[Stored items]

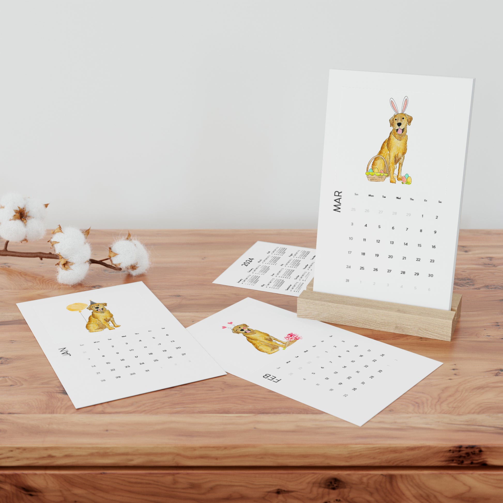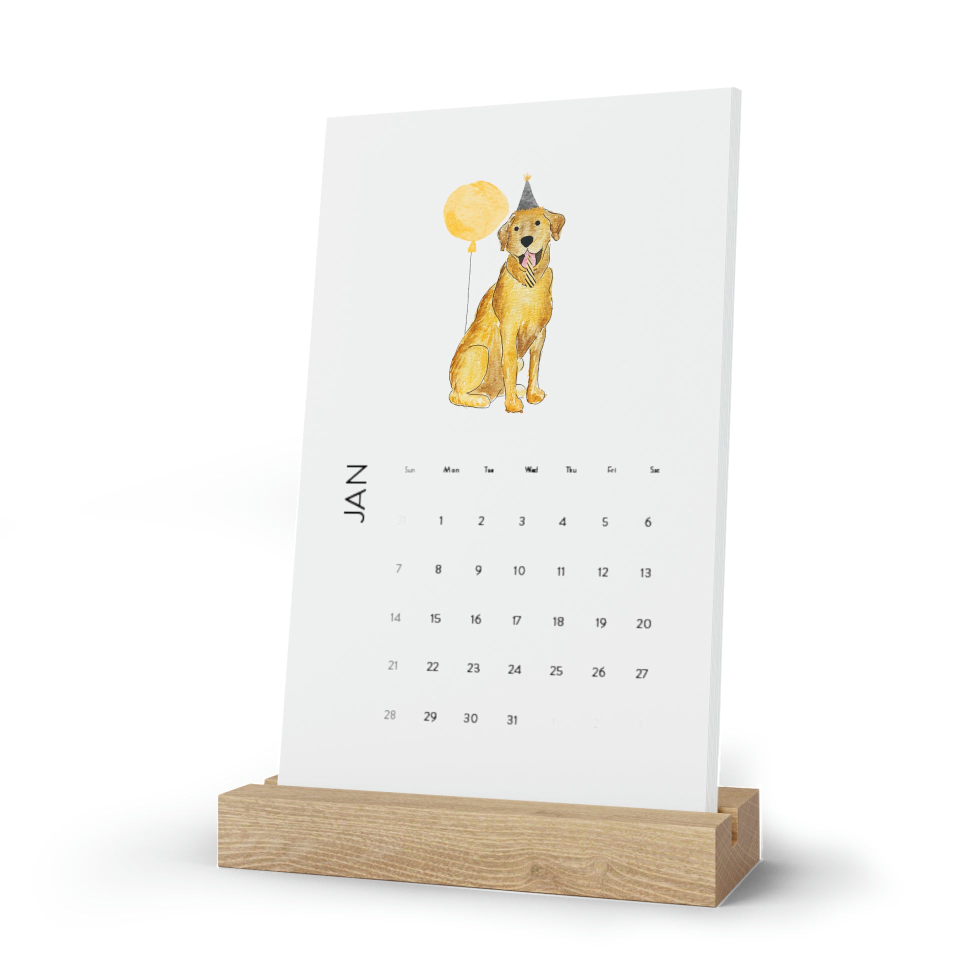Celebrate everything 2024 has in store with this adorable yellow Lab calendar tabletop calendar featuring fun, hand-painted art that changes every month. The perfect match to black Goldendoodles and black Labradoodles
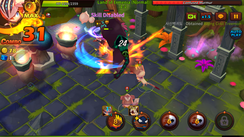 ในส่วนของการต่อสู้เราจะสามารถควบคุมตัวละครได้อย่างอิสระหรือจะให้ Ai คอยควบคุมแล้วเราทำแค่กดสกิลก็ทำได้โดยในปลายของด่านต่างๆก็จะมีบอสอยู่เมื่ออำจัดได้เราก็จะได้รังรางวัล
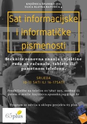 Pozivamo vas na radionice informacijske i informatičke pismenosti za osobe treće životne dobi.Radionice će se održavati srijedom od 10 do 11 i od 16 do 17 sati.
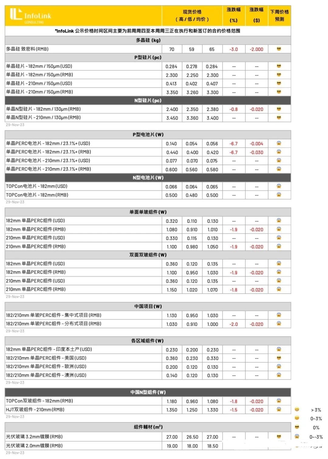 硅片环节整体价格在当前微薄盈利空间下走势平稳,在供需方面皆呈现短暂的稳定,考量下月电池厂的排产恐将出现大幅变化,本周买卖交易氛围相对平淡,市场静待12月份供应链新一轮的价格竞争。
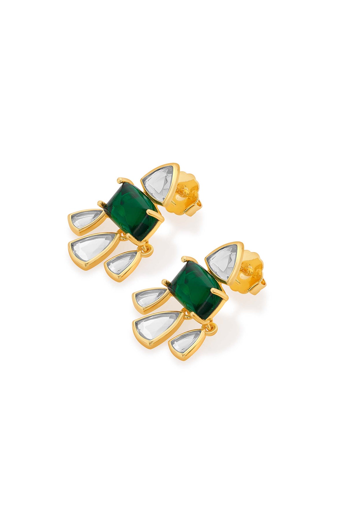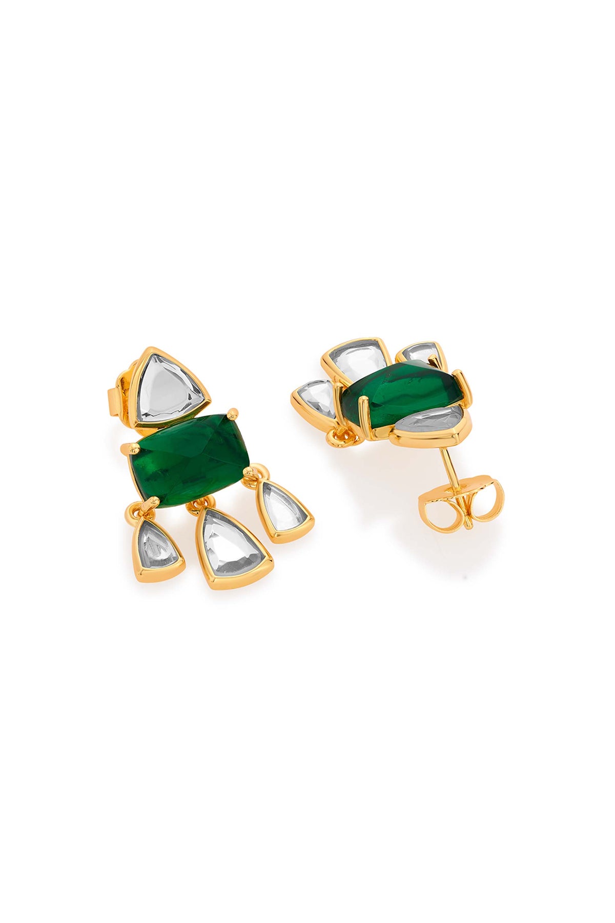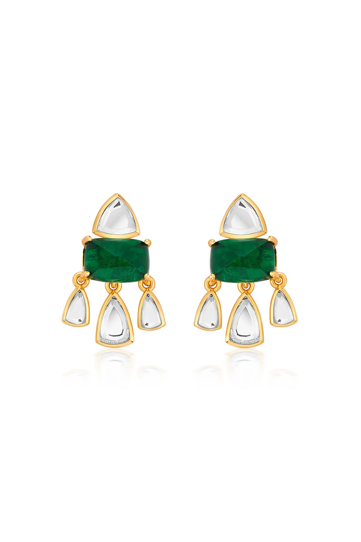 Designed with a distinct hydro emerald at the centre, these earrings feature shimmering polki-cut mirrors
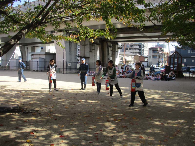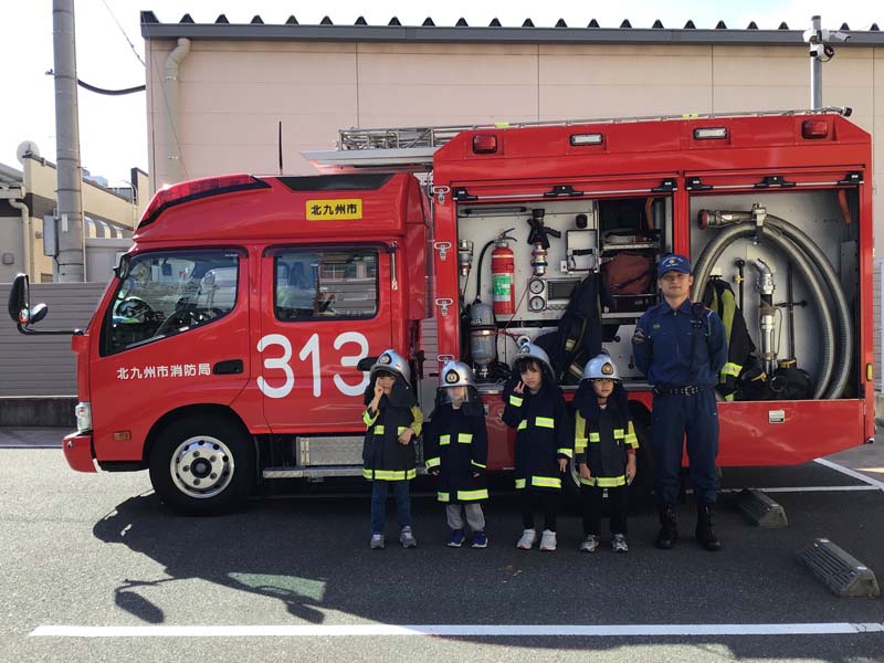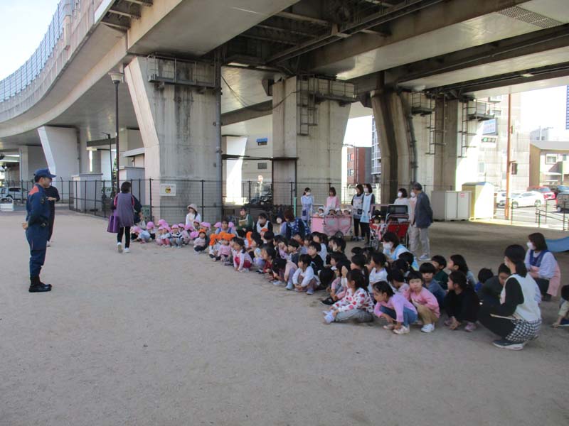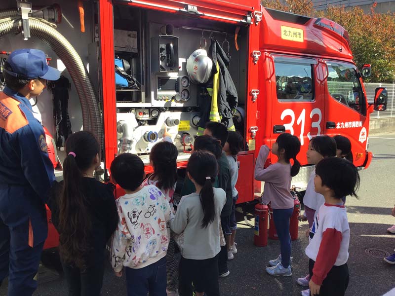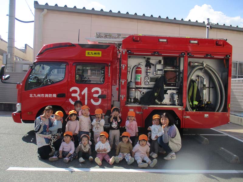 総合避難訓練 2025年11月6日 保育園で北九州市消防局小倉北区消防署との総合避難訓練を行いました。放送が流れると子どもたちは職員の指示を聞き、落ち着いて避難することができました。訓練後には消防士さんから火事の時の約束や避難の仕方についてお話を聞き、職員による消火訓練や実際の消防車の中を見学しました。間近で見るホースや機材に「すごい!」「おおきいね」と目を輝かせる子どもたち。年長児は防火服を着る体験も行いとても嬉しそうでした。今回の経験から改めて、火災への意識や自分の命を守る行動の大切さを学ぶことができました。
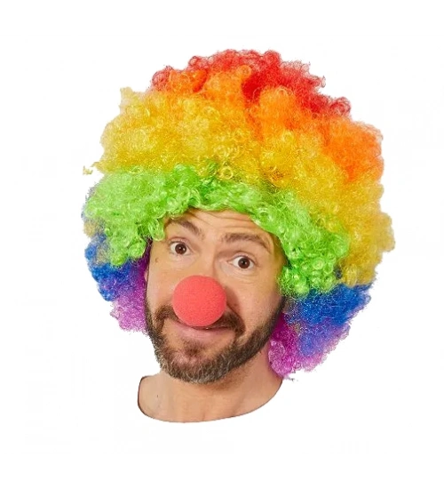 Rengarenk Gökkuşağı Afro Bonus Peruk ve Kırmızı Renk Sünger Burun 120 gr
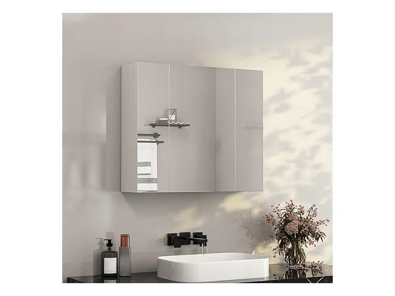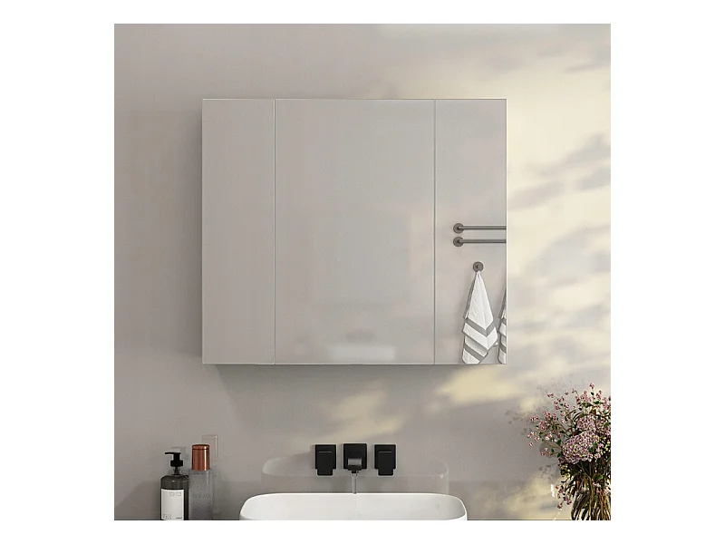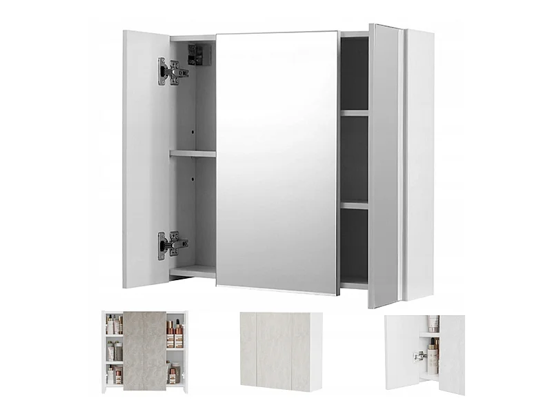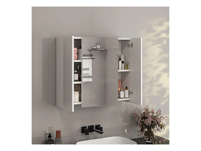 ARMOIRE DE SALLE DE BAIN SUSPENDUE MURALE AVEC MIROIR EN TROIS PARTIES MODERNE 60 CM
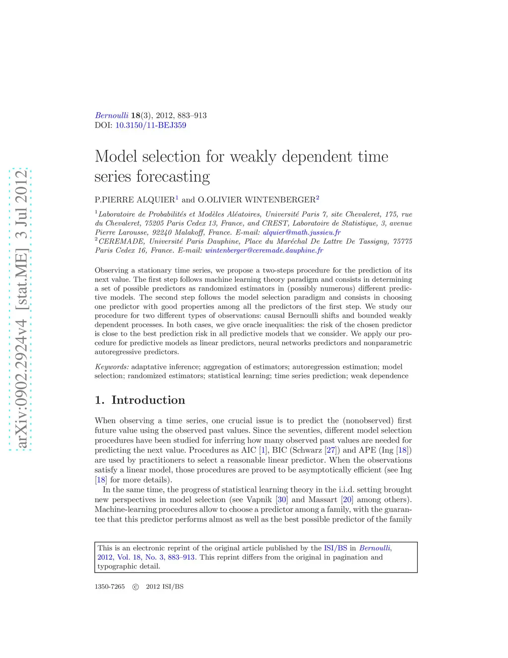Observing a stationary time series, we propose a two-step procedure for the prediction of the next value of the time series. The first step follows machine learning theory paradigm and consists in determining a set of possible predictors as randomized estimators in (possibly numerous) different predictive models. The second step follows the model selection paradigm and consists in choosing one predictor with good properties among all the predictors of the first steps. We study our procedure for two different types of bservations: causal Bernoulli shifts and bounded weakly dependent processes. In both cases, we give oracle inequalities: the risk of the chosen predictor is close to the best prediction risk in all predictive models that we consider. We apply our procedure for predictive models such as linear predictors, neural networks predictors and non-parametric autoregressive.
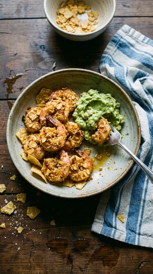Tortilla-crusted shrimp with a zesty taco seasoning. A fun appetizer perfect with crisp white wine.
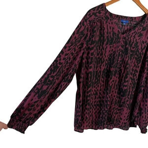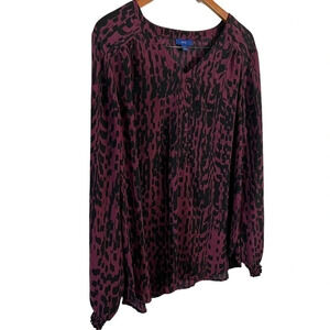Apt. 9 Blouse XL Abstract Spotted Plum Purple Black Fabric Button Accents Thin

◆ Aim of the task
Every record is to be restated word for word, with the pictures left out.

◆ Written reply
Celebrate everything 2024 has in store with this adorable yellow Lab calendar tabletop calendar featuring fun, hand-painted art that changes every month. The perfect match to black Goldendoodles and black Labradoodles
 ในส่วนของการต่อสู้เราจะสามารถควบคุมตัวละครได้อย่างอิสระหรือจะให้ Ai คอยควบคุมแล้วเราทำแค่กดสกิลก็ทำได้โดยในปลายของด่านต่างๆก็จะมีบอสอยู่เมื่ออำจัดได้เราก็จะได้รังรางวัล
 Pozivamo vas na radionice informacijske i informatičke pismenosti za osobe treće životne dobi.Radionice će se održavati srijedom od 10 do 11 i od 16 do 17 sati.
 硅片环节整体价格在当前微薄盈利空间下走势平稳,在供需方面皆呈现短暂的稳定,考量下月电池厂的排产恐将出现大幅变化,本周买卖交易氛围相对平淡,市场静待12月份供应链新一轮的价格竞争。
 Designed with a distinct hydro emerald at the centre, these earrings feature shimmering polki-cut mirrors
 総合避難訓練 2025年11月6日 保育園で北九州市消防局小倉北区消防署との総合避難訓練を行いました。放送が流れると子どもたちは職員の指示を聞き、落ち着いて避難することができました。訓練後には消防士さんから火事の時の約束や避難の仕方についてお話を聞き、職員による消火訓練や実際の消防車の中を見学しました。間近で見るホースや機材に「すごい!」「おおきいね」と目を輝かせる子どもたち。年長児は防火服を着る体験も行いとても嬉しそうでした。今回の経験から改めて、火災への意識や自分の命を守る行動の大切さを学ぶことができました。
 Rengarenk Gökkuşağı Afro Bonus Peruk ve Kırmızı Renk Sünger Burun 120 gr
 ARMOIRE DE SALLE DE BAIN SUSPENDUE MURALE AVEC MIROIR EN TROIS PARTIES MODERNE 60 CM
Observing a stationary time series, we propose a two-step procedure for the prediction of the next value of the time series. The first step follows machine learning theory paradigm and consists in determining a set of possible predictors as randomized estimators in (possibly numerous) different predictive models. The second step follows the model selection paradigm and consists in choosing one predictor with good properties among all the predictors of the first steps. We study our procedure for two different types of bservations: causal Bernoulli shifts and bounded weakly dependent processes. In both cases, we give oracle inequalities: the risk of the chosen predictor is close to the best prediction risk in all predictive models that we consider. We apply our procedure for predictive models such as linear predictors, neural networks predictors and non-parametric autoregressive.
Tortilla-crusted shrimp with a zesty taco seasoning. A fun appetizer perfect with crisp white wine.
Apt. 9 Blouse XL Abstract Spotted Plum Purple Black Fabric Button Accents Thin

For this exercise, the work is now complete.